Whenever I need inspiration for effective visualizations, I browse The Economist, the Visual Capitalist, or The Washington Post. During one of these forays, I ran across an interesting infographic — similar to the one shown above — that plotted the age of each member of the US Congress against their generational cohort.
My first impression was that this was a horizontal bar chart, but closer inspection revealed that each bar was composed of multiple markers, making it a scatter plot. Each marker represented one member of Congress.

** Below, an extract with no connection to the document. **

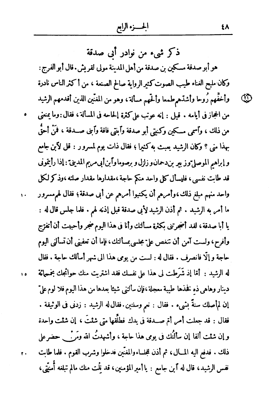 يا أبا صدقة، لقد أضجرتنى بكثرة مسألتك وأنا في هذا اليوم ضجر وأحببت أن أتفرّج وأفرح، ولست آمن أن تنغص علىّ مجلسى بمسألتك، فإما أن تعفينى أن تسألنى اليوم حاجة وإلّا فانصرف. فقال له: لست من يومى هذا الى شهر أسألك حاجة. فقال له الرشيد: أمّا إذ شرطت لى هذا على نفسك فقد اشتريت منك حوائجك بخمسمائة دينار وها هى ذه فخذها طيبة معجلة، فإن سألتنى شيئا بعدها من هذا اليوم فلا لوم علىّ إن لم أصلك سنة بشىء. فقال: نعم وسنتين. فقال له الرشيد: زدنى في الوثيقة.
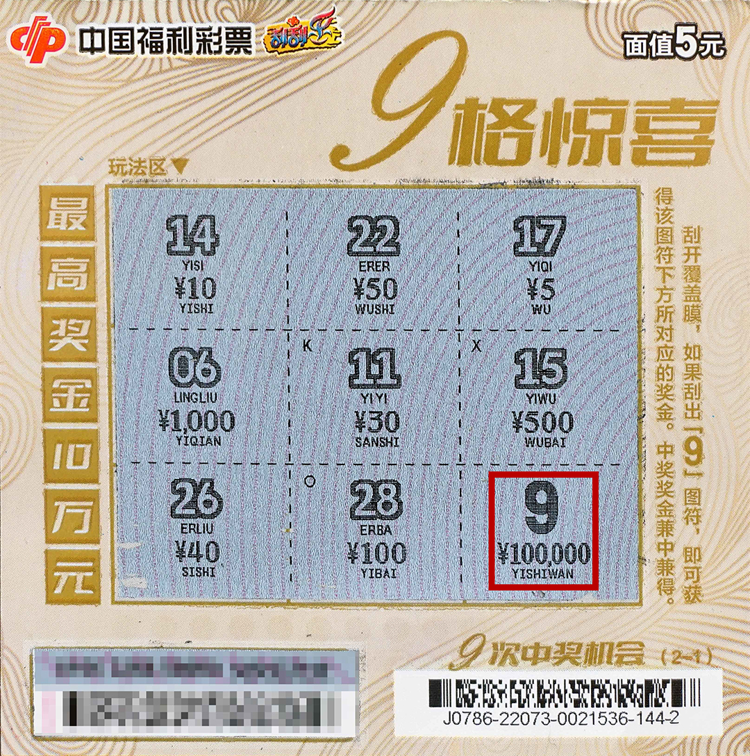 首次刮“9格惊喜”,幸运与头奖撞个满怀

In this Quick Success Data Science project, we’ll recreate this attractive chart using Python, pandas, and seaborn. Along the way, we’ll unlock a cornucopia of marker types you may not know exist.
Because the United States has Age of Candidacy laws, the birthdays of members of Congress are part of the public record. You can find them in multiple places, including the Biographical Directory of the United States Congress and Wikipedia.
For convenience, I’ve already compiled a CSV file of the names of the current members of Congress, along with their birthdays, branch of government, and party, and stored it in this Gist.
The following code was written in Jupyter Lab and is described by cell.
Importing Libraries
from collections import defaultdict # For counting members by age.
import numpy as np
import matplotlib.pyplot as plt
from matplotlib import patches # For drawing boxes on the plot.
import pandas as pd
import seaborn as sns
Assigning Constants for the Generational Data
We’ll annotate the plot so that generational cohorts, such as Baby Boomers and Gen X, are highlighted. The following code calculates the current age spans for each cohort and includes lists for generation names and highlight colors. Because we want to treat these lists as constants, we’ll capitalize the names and use an underscore as a prefix.